#### EXERCISE:
Could you set down every record below exactly as it appears?
BEGIN
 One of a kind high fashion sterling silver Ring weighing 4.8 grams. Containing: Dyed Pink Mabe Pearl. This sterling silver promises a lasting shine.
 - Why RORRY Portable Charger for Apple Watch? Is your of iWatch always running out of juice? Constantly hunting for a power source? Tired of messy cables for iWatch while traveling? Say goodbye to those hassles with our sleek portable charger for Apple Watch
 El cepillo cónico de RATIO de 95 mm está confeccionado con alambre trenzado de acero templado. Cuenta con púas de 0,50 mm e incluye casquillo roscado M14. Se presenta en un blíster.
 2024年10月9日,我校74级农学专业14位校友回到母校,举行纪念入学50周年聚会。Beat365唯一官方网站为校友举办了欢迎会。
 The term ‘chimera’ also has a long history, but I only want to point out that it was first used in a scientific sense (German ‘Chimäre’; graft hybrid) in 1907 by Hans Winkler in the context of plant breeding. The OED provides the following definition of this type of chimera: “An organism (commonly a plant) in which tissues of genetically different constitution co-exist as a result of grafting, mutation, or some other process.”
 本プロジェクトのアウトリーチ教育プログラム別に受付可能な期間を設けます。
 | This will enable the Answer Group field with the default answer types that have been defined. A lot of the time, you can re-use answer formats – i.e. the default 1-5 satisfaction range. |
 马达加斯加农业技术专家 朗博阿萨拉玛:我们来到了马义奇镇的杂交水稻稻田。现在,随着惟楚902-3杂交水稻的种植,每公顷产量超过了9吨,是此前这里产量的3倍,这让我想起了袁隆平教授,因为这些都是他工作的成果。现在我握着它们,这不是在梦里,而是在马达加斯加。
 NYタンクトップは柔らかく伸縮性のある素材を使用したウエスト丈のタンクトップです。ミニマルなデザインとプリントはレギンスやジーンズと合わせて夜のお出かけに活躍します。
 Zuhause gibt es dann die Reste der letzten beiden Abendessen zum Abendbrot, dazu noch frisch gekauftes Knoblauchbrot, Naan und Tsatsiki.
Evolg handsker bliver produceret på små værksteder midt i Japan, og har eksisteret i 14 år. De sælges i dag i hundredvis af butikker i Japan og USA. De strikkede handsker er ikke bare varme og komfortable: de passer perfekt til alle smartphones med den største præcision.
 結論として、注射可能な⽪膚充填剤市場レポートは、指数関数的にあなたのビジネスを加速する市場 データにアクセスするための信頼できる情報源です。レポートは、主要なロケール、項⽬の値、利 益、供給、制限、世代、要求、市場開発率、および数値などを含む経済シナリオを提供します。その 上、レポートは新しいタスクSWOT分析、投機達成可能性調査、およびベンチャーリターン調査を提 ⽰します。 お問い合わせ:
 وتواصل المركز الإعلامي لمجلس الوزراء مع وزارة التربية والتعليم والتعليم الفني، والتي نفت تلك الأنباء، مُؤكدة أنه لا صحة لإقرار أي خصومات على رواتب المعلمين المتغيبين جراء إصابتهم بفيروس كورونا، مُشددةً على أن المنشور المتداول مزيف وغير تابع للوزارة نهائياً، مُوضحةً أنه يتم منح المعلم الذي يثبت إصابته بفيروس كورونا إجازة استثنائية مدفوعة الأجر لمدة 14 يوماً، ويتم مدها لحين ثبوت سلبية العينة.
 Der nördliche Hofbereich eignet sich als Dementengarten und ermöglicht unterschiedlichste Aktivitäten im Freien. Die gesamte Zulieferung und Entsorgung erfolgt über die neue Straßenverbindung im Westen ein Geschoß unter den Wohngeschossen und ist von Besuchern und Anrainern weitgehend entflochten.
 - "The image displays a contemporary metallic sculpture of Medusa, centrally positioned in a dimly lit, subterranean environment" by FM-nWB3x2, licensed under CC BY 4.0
END
#### OUTPUT FOR THIS EXERCISE:
 One of a kind high fashion sterling silver Ring weighing 4.8 grams. Containing: Dyed Pink Mabe Pearl. This sterling silver promises a lasting shine.
 - Why RORRY Portable Charger for Apple Watch? Is your of iWatch always running out of juice? Constantly hunting for a power source? Tired of messy cables for iWatch while traveling? Say goodbye to those hassles with our sleek portable charger for Apple Watch
 El cepillo cónico de RATIO de 95 mm está confeccionado con alambre trenzado de acero templado. Cuenta con púas de 0,50 mm e incluye casquillo roscado M14. Se presenta en un blíster.
 2024年10月9日,我校74级农学专业14位校友回到母校,举行纪念入学50周年聚会。Beat365唯一官方网站为校友举办了欢迎会。
 The term ‘chimera’ also has a long history, but I only want to point out that it was first used in a scientific sense (German ‘Chimäre’; graft hybrid) in 1907 by Hans Winkler in the context of plant breeding. The OED provides the following definition of this type of chimera: “An organism (commonly a plant) in which tissues of genetically different constitution co-exist as a result of grafting, mutation, or some other process.”
 本プロジェクトのアウトリーチ教育プログラム別に受付可能な期間を設けます。
 | This will enable the Answer Group field with the default answer types that have been defined. A lot of the time, you can re-use answer formats – i.e. the default 1-5 satisfaction range. |
 马达加斯加农业技术专家 朗博阿萨拉玛:我们来到了马义奇镇的杂交水稻稻田。现在,随着惟楚902-3杂交水稻的种植,每公顷产量超过了9吨,是此前这里产量的3倍,这让我想起了袁隆平教授,因为这些都是他工作的成果。现在我握着它们,这不是在梦里,而是在马达加斯加。
 NYタンクトップは柔らかく伸縮性のある素材を使用したウエスト丈のタンクトップです。ミニマルなデザインとプリントはレギンスやジーンズと合わせて夜のお出かけに活躍します。
 Zuhause gibt es dann die Reste der letzten beiden Abendessen zum Abendbrot, dazu noch frisch gekauftes Knoblauchbrot, Naan und Tsatsiki.
Evolg handsker bliver produceret på små værksteder midt i Japan, og har eksisteret i 14 år. De sælges i dag i hundredvis af butikker i Japan og USA. De strikkede handsker er ikke bare varme og komfortable: de passer perfekt til alle smartphones med den største præcision.
 結論として、注射可能な⽪膚充填剤市場レポートは、指数関数的にあなたのビジネスを加速する市場 データにアクセスするための信頼できる情報源です。レポートは、主要なロケール、項⽬の値、利 益、供給、制限、世代、要求、市場開発率、および数値などを含む経済シナリオを提供します。その 上、レポートは新しいタスクSWOT分析、投機達成可能性調査、およびベンチャーリターン調査を提 ⽰します。 お問い合わせ:
 وتواصل المركز الإعلامي لمجلس الوزراء مع وزارة التربية والتعليم والتعليم الفني، والتي نفت تلك الأنباء، مُؤكدة أنه لا صحة لإقرار أي خصومات على رواتب المعلمين المتغيبين جراء إصابتهم بفيروس كورونا، مُشددةً على أن المنشور المتداول مزيف وغير تابع للوزارة نهائياً، مُوضحةً أنه يتم منح المعلم الذي يثبت إصابته بفيروس كورونا إجازة استثنائية مدفوعة الأجر لمدة 14 يوماً، ويتم مدها لحين ثبوت سلبية العينة.
 Der nördliche Hofbereich eignet sich als Dementengarten und ermöglicht unterschiedlichste Aktivitäten im Freien. Die gesamte Zulieferung und Entsorgung erfolgt über die neue Straßenverbindung im Westen ein Geschoß unter den Wohngeschossen und ist von Besuchern und Anrainern weitgehend entflochten.
 - "The image displays a contemporary metallic sculpture of Medusa, centrally positioned in a dimly lit, subterranean environment" by FM-nWB3x2, licensed under CC BY 4.0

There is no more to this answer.